Vera’s visits were a severe trial to her.
After the Duke of Stanbrook had borne her friend off to his waiting carriage, Gwen felt a little agitated. What if Lord Trentham came again as he had yesterday? The weather was just as lovely. She could not bear to find herself tête-à-tête with him again. She had no business being attracted to him, or he to her. She had no business allowing him to kiss her, and he had no business asking it of her.
If he came again this afternoon, she thought, she could pretend to be asleep and to remain asleep. He would have no choice but to go away. But she was not sleepy today.
She was saved anyway from having to practice such subter-fuge. There was a tap on the door not long after Vera left, and it opened to reveal Viscount Ponsonby.
“I am on my way to the l-library,” he said in his languid voice and with his slight stammer. “Everyone else is off enjoying the sunshine, but I have such a stack of unanswered letters that I am in grave danger of being buried under it or lost behind it or some such dire thing. I must, alas, set pen to p-paper. It occurred to me that you may wish to try out your new crutches and come to select a book.”
“I would be more than delighted,” she said, and he stood in the doorway watching while she hoisted herself onto her crutches and moved toward him.
Her ankle was still swollen and sore to the touch. There was still no possibility of getting on a shoe or putting any weight on it. It was somewhat less painful today, however. And the cut on her knee was now no more than a scab.

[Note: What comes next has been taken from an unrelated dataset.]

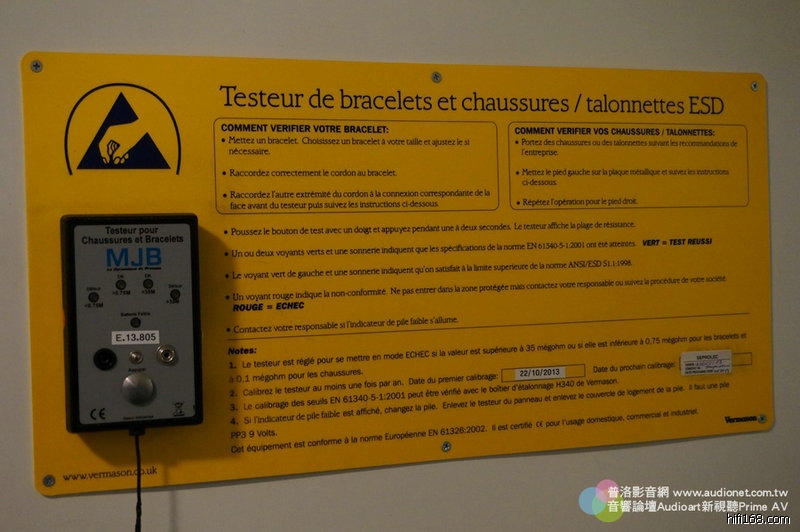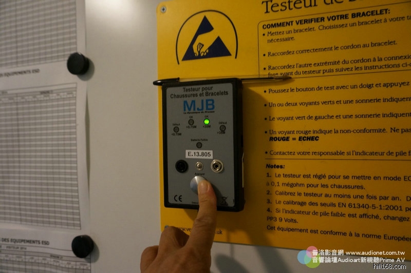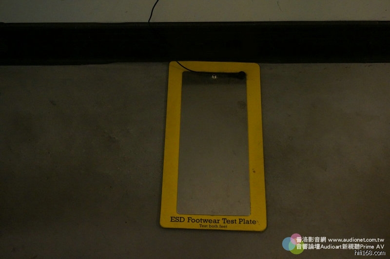 進入工廠很嚴格,要穿上防靜電衣,在於鞋子底部貼一條導引靜電的貼條,貼條要連接皮膚,然後踩在踏板上測量身上的靜電有沒有導入大地。這是測試器。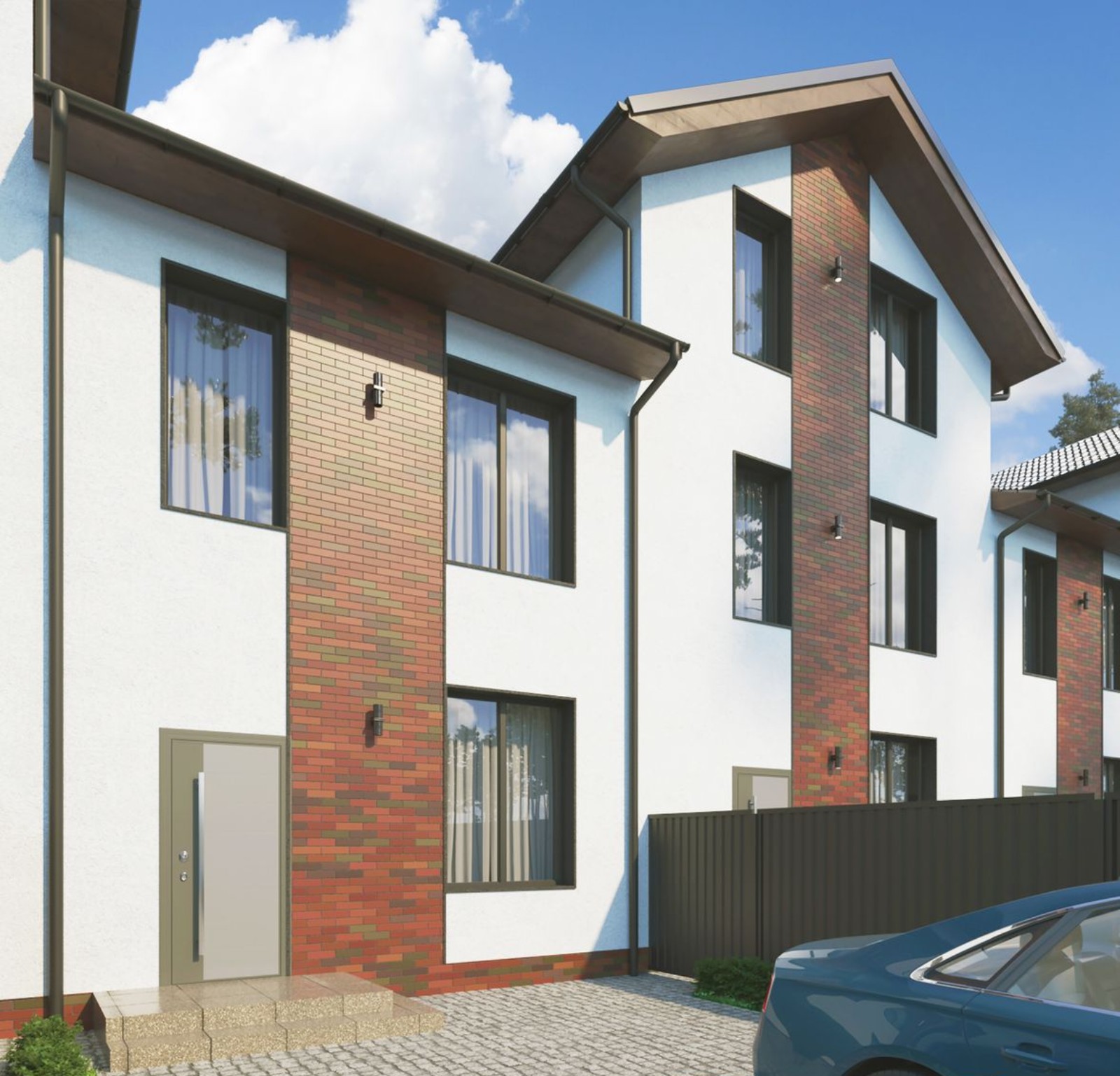 перед коттеджем место для парковки, вымощенное тротуарной плиткой

Lord Ponsonby walked beside her to the library and turned a sofa that was by the fireplace so that light from the window would fall on it.
“You may remain here and read or w-watch me labor,” he said, “or you may return to the morning room after choosing a book. Or you may run up and down stairs, for that matter. I am not your jailer. If you need a volume from a high shelf, d-do let me know.”
And he retreated behind the large oak desk that stood near the window.
Gwen wondered about his stammer. It was the only imperfection she could detect in his person. Perhaps he too had come through war physically unscathed but had gone out of his head, as Lord Trentham had phrased it. She had not thought a great deal before this week about the mental strain of being a military man. And yet it showed a lamentable lack of imagination on her part that she had not.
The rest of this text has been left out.